Throwing Caution to the Wind
Throwing Caution to the Wind
Late last week, a wonderful facebook friend of mine, Lorna Crane, encouraged me to participate in a drawing show opportunity in Ireland opening next month. At the last possible hour, I decided to go for it even though this meant temporarily setting aside my painting, moving into a back room in my attic studio and digging out myriad drawing materials with just three days to finish the work. I love to draw, however what surprised me was just how challenging, but also fascinating, this process proved to be in opening up new ideas about marking making and abstraction.
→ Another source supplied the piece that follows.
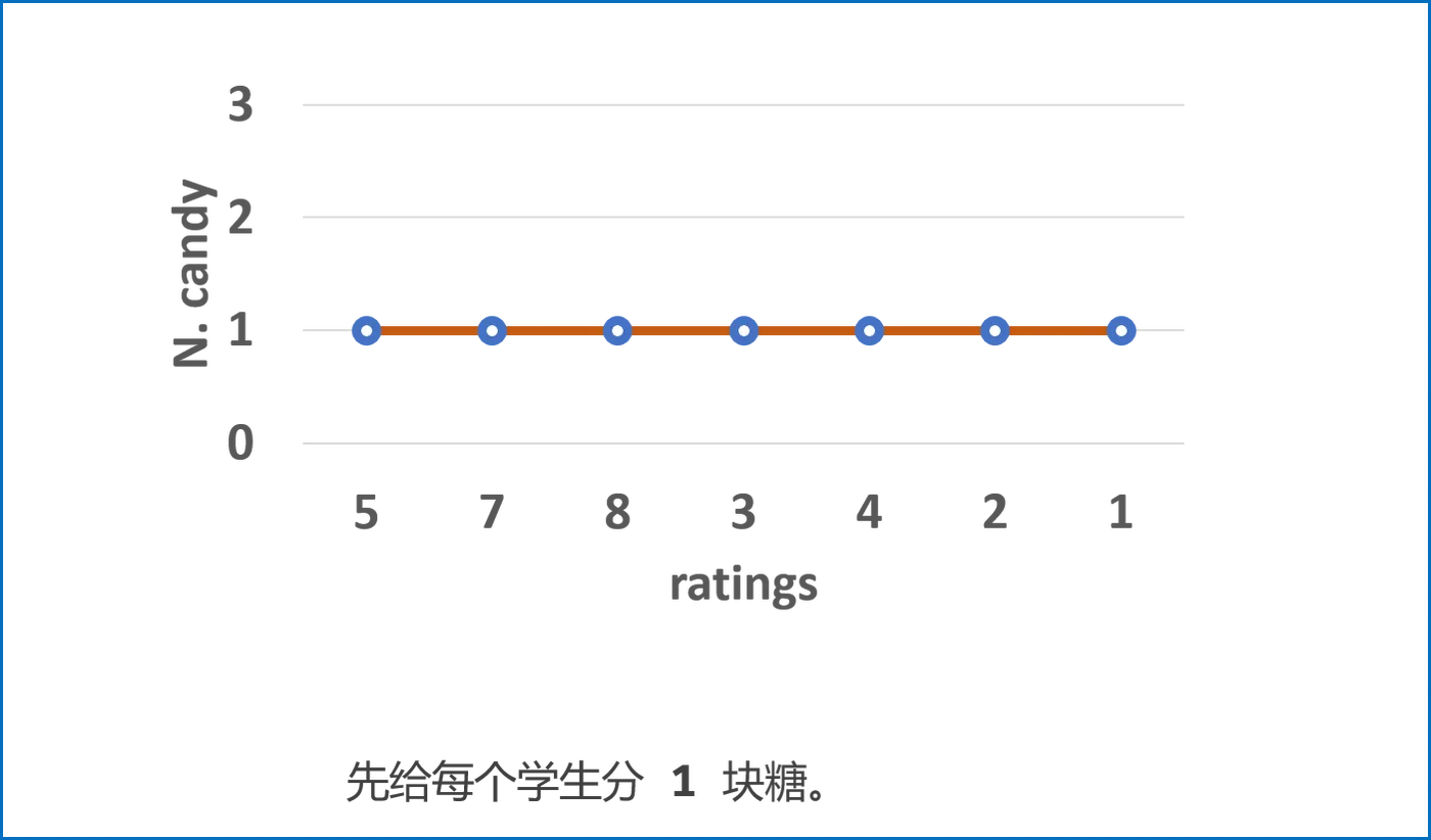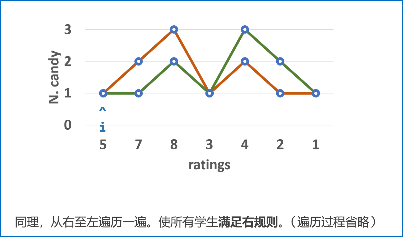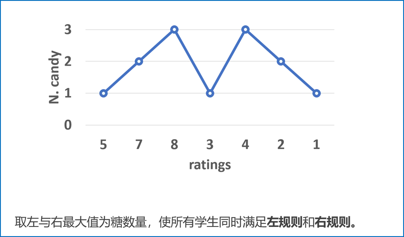 遍历数组2次,分别求满足左规则和右规则时,最少要分得的糖果数量。最终分得糖果数量即为这两个数量最大值。

Throwing caution to the wind, and jumping into somewhat unfamiliar waters, I embarked a on a messy three day extravaganza with sumi ink, acrylic, graphite, charcoal and pastel. Everyone in “The Drawing Box Belfast” show is sending five drawings to Ireland at an A5 scale – a humble 8.3 x 5.8 inches. This guideline coerced me into working quickly and intuitively. I tried to move freely back and forth from one to the next and made about twenty mixed media pieces in three days. When something wasn’t working, I added more layers, turned it upside down, scraped away or started another one. Some of the drawings were made to scale and sometimes I worked slightly larger, looked at compositional possibilities and cut them to size. When I did the latter, I often worked back into them a little after they were cropped.
It was a pleasure to play with a constantly shifting palimpsested surface. I worked on seven or eight at a time striving for and finding relationships between them. As working in a series tends to do, the drawings started influencing each other. This kind of call and response between works happens with paintings in the studio as well, but the expediency of this project meant everything happened much faster and perhaps with more happenchance and unpredictability.